The nation has been on pins and needles since the Nov. 6 election, concerned the US will go over the “fiscal cliff” and send the economy back into recession. If Congress cannot reach a budget resolution huge tax increases and spending cuts will go into effect Jan. 1.

“I don’t think anybody in Washington is going to do something so draconian or so negative, that we’re going to trigger a recession,” Piper Jaffray market strategist Craig Johnson told the Associated Press.

The market has felt the pressure as uncertainty about possible increases to capital gains taxes has prompted investors to sell their stocks. In fact, many companies have paid special year-end dividends or moved up their quarterly payments so investors can avoid paying higher taxes on the dividends that will take effect in 2013 without a Washington compromise on taxes and spending. The payouts have impacted shares.

Costco, for example, saw its stock increase by $6.07 to $102.58 after the company announced a special dividend of $7 a share to be paid in December, in addition to the regular quarterly dividend. Likewise, shares of casino operator Las Vegas Sands Corp. rose 5.3 percent after the company announced plans to distribute more than $2 billion to shareholders before year’s end.

“That’s what Wall Street is focused on,” Schaeffer’s Investment Research analyst Ryan Detrick told the Associated Press. “Everybody is watching to fiscal cliff.”

President Barack Obama, however, says he believe the parties will come together to create a “framework” for debt reduction before Christmas. He is seeking $1 trillion in new revenue, and dismisses Republican opinion that limiting tax deductions and loopholes will be sufficient. Still, according to parties who have attended the White House meetings, Obama is confident a marginal rate increase will pass, even if the income cut-off rises from his proposed $250,000 to $500,000.

“I’m asking Congress to listen to the people who sent us here to serve,” Obama said in a Wednesday press conference. “I’m asking Americans all across the country to make your voice heard.
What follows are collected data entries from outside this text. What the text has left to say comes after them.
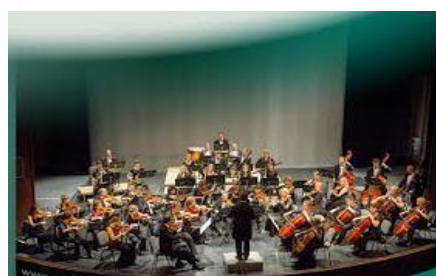
Gödöllő Symphonic Orchestra

The VII International Chopin Piano Competition will be held in Gödöllő, a small town close to Budapest, having sights of historical importance,
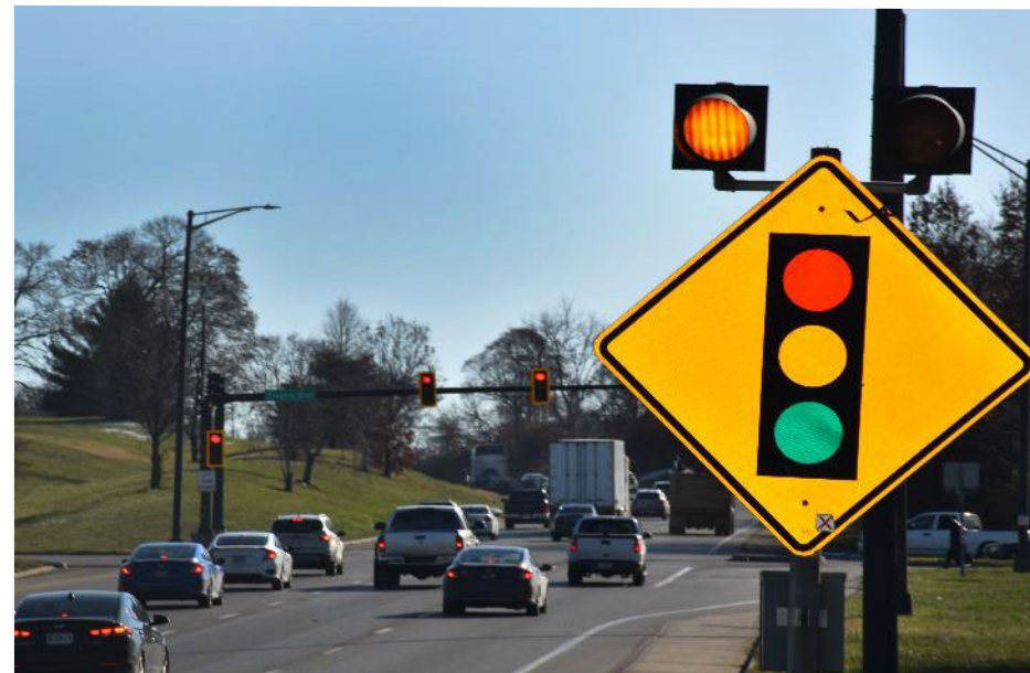
3. Feasibility & Appropriateness of Potential Approaches
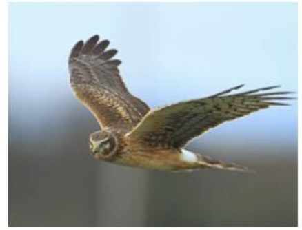
NORTHERN HARRIER-JIM BASINGER
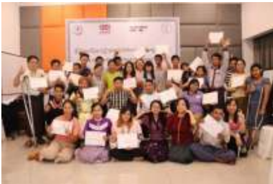
Political Science Training for PwDs and Marginalized People (2018)
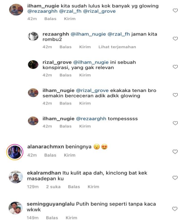
Figure 3. Netizen Comments

economic, and media influences. The preference for fair skin has deep historical roots, often shaped by colonial history and social stratification. In many cultures, lighter skin has been associated with higher social status, purity, and beauty. This tradition has been perpetuated through cultural practices, mass media, and beauty product advertisements, which frequently highlight fair skin as the ideal standard.
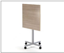
FLIP TOP WITH X-BASE ON CASTERS
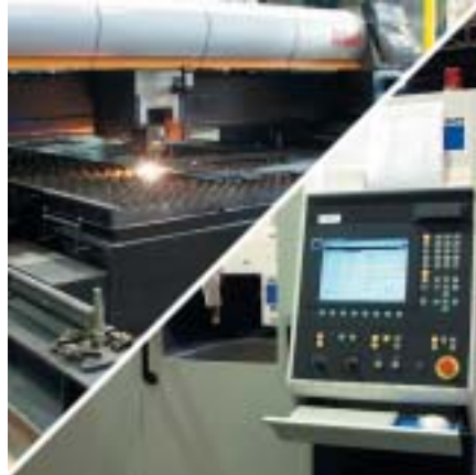
Precision laser cutting technology.
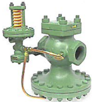
Pressure & Temperature Regulating Valves
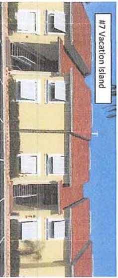
#7 Vacation Island
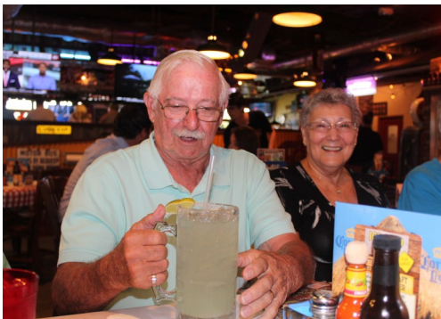
Now That's A Margarita
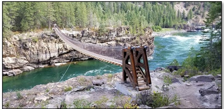
Kootenai Falls Swinging Bridge located between Libby and Troy on the Kootenai River
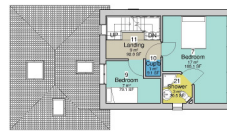
01 First Floor 1:100
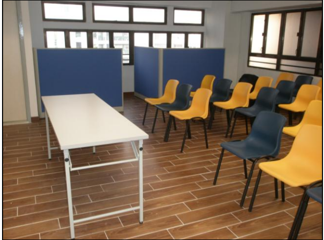
BBC School - Inside

When you are one person, you do EVERYTHING:
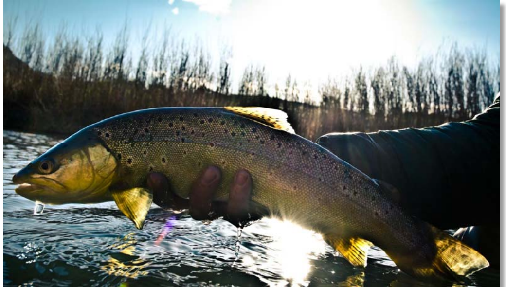
Fly fishing with stealth is one of the best ways to increase your catch rate.

How often do you think anglers miss opportunities catching trout because of the lack of stealth? The more educated trout populations are in a stream, river or lake you're fly fishing, the more important it is for fly anglers to mimic the way a hunter stalks game in the field. I estimate that I give away upwards of 50% of my trout catching opportunities due to my lack of stealth. Below are 8 common mistakes fly anglers make on the water that blow their cover and success.
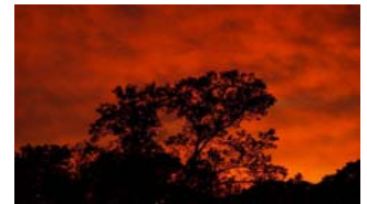
Sunset on Sunrise Bay—From Lot 80 Front Yard.

If you owe dues for prior year (s), please pay asap before the POA is forced to seek legal remedy.
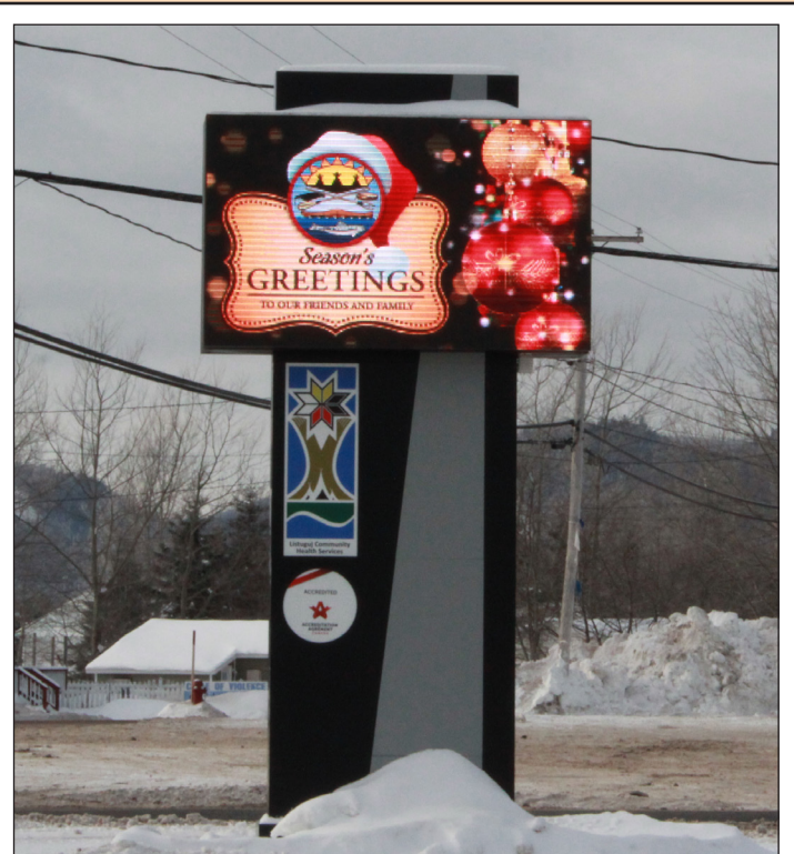
The new electronic billboard in the middle of Listuguj. It will deliver messages to the community 24 hours a day, seven days a week.

“I wanted to be able to have that on the sign,” she said. “I also wanted to showcase that the Health Center is an accredited organization, and it was a lot of work with staff and accred-
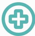
Medicare supplement insurance (Medigap/secondary insurance)
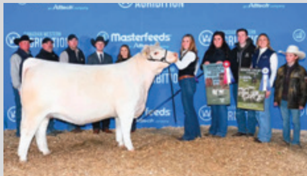
Lily grand daughter
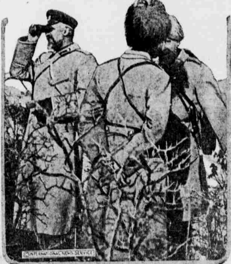
Russian officer with Cossack scouts making observations of the position of the Austrian troops in the vicinity of Cracow.
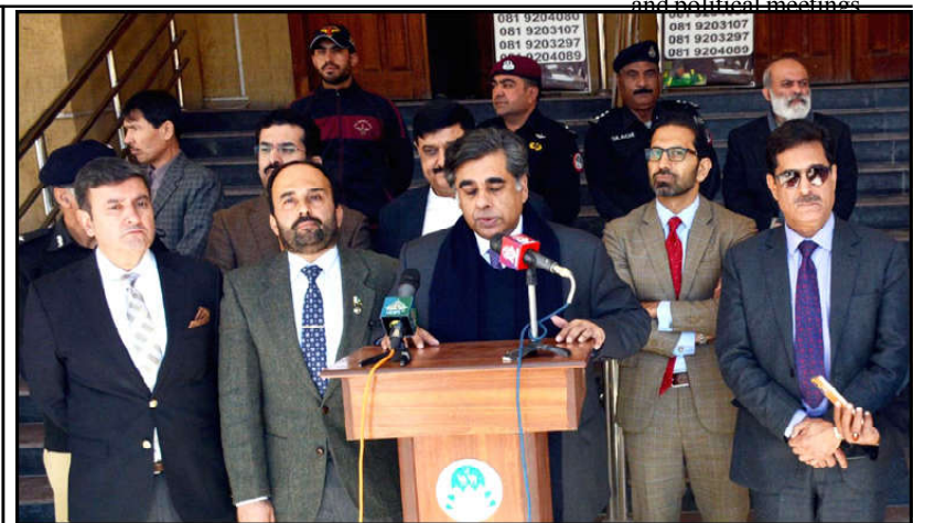
QUETTA: Caretaker Interior Minister Dr. Gohar Ejaz addressing a Press conference regarding holding of peaceful elections

The cabinet approved the increase in the prices of 146 essential life-saving medicines, keeping in view the rising prices of their raw material in the global market under the hardship category.
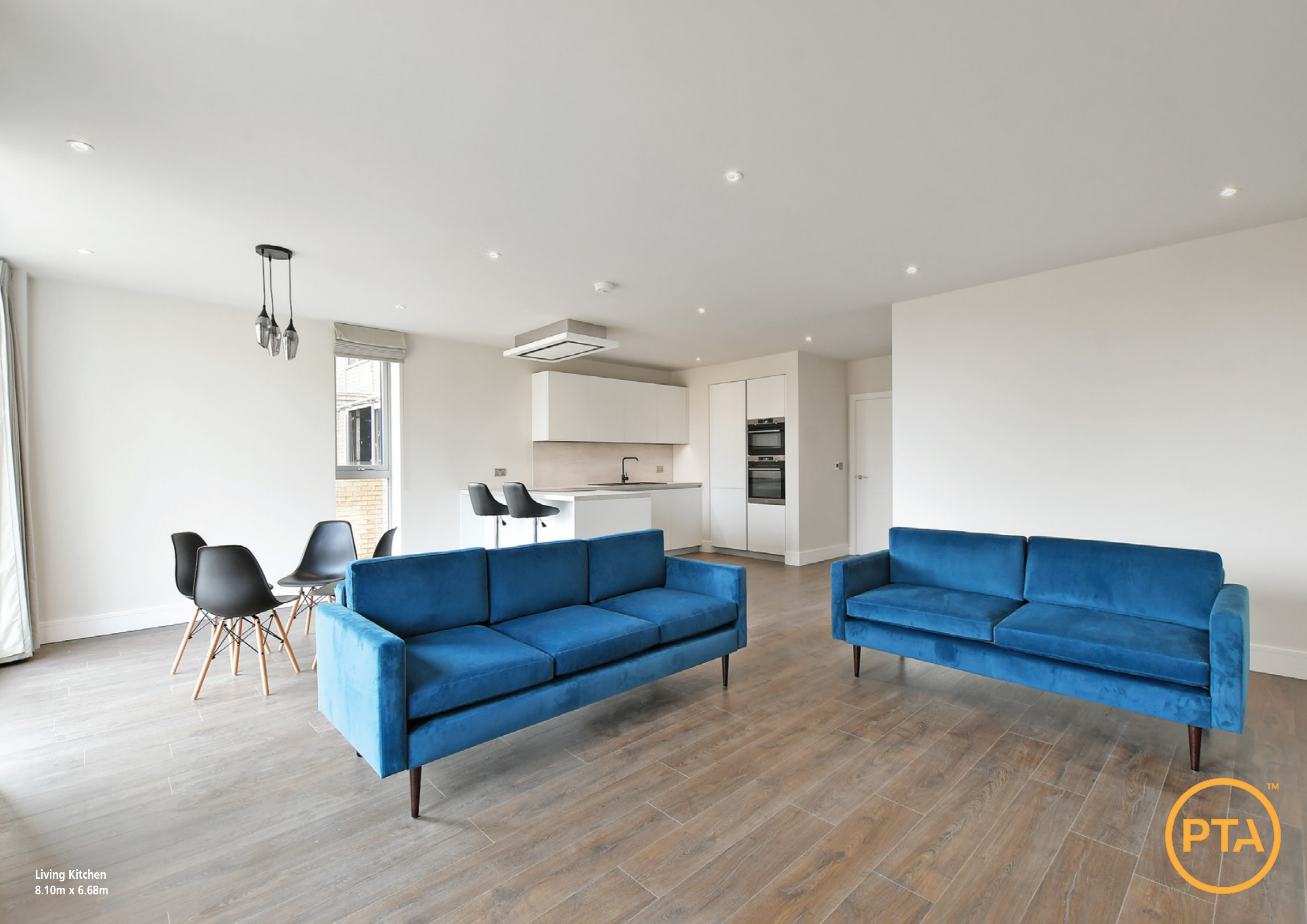
Living Kitchen 8.10m x 6.68m
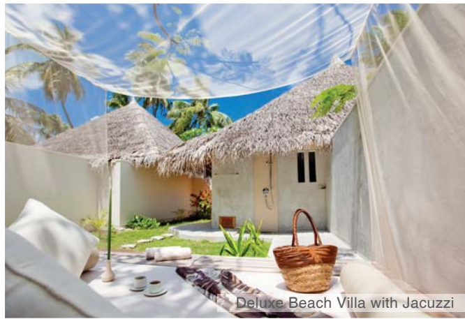
Deluxe Beach Villa with Jacuzzi
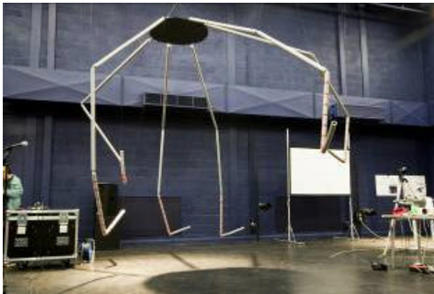
Maquette to convey eventual scale of SpiderCrab

environment and dancing partner, for deployment both on stages and in participatory arts contexts. Thus far, one limb has been constructed, and the whole robot realised in computer simulation. SpiderCrab 's physical design depends crucially on Shadow's patent air muscles, which are simple, light, soft, flexible and easily controllable – rendering smooth, natural yet powerful movement together with self-dampening and cushioning. Each limb comprises four segments with relative proportions corresponding to the Fibonacci series, linked by joints combining radial and lateral movement.
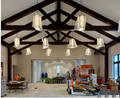
Images: Metropolis Center, Chapel Dome, Sanctuary, Social Hall
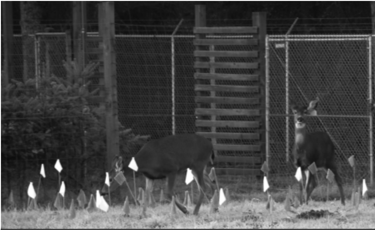
Figure 1. Western redcedar feeding choice trial with Columbian black-tailed deer at the USDA National Wildlife Center, Olympia Field Station.
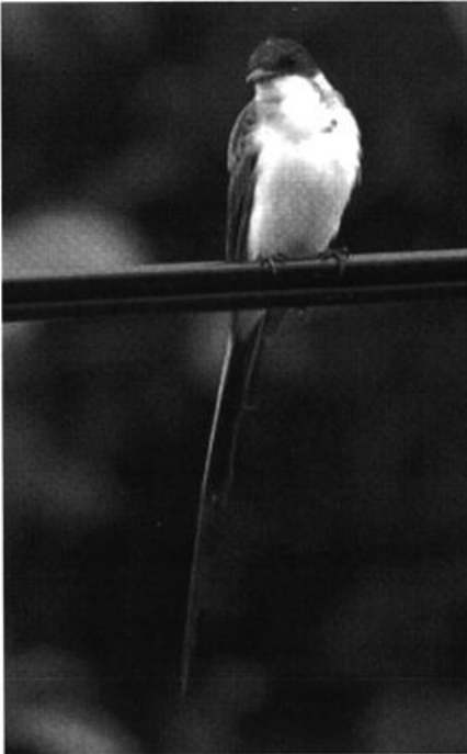
This Fork-tailed Flycatcher provided the first record for Puerto Rico and the eastern Greater Antilles on 8 June 2007, near Green Beach, Vieques Island.

OD, MB). The Bermuda population of Common Terns devastated by Hurricane Fabian (2003) was hit again by Hurricane Florence (2006). Nevertheless, their breeding success improved. A population of 18 birds (eight pairs, plus 2 single birds) resulted in four pairs producing 11 fledglings (DBW). A Plain Pigeon at El Yunque rainforest 11 Jun (BMo) was unusual but not unprecedented. Two White-winged Doves were noted at Pointe des Châteaux, Guadeloupe 14 Jul (AL). A Yellow-billed Cuckoo was seen and one heard in the pine forest of Grand Bahama 30 Jun (WH); another was heard calling at the old fruit farm, Abaco I. 3 Jul (EB), suggesting that this species breeds in the Bahamas. One was an unseasonable find at Spanish Pt., Bermuda 8 Jul (JFI), and 2 were at Laguna Cartagena N.W.R., Puerto Rico 25 Jul (S.C.S.C.B.). The Bahamas' and Exuma's 3rd Short-eared Owl was seen on Sandy Cay, the southernmost cay in the Exuma Chain, 21 Jun (WH). Three endangered Puerto Rican Nightjars were heard and one well seen at Guanica S.F. 25 Jul (S.C.S.C.B.). Late calling Chuck-will's-widows are suggestive of breeding. Sixteen were heard on Grand Bahama 1-2 Jul by WH, one at Coral Harbour, New Providence 2 Jul by CW, and 3 at Treasure Cay, Abaco I. 10 Jul by EB.

It’s too important for Washington to screw this up.

“There’s an imminent amount of good logic and sense in preserving the current tax rates for 98 percent of Americans for a lot of reasons. One of which is the gross domestic product dependent on consumer spending,” Obama continued. “We need to separate the tax rates for the top 2 percent as an issue from the tax rates of everybody else. That’s so-called decoupling is really important and it’s something that i think the Republican Party increasingly sees as necessary for its own image.”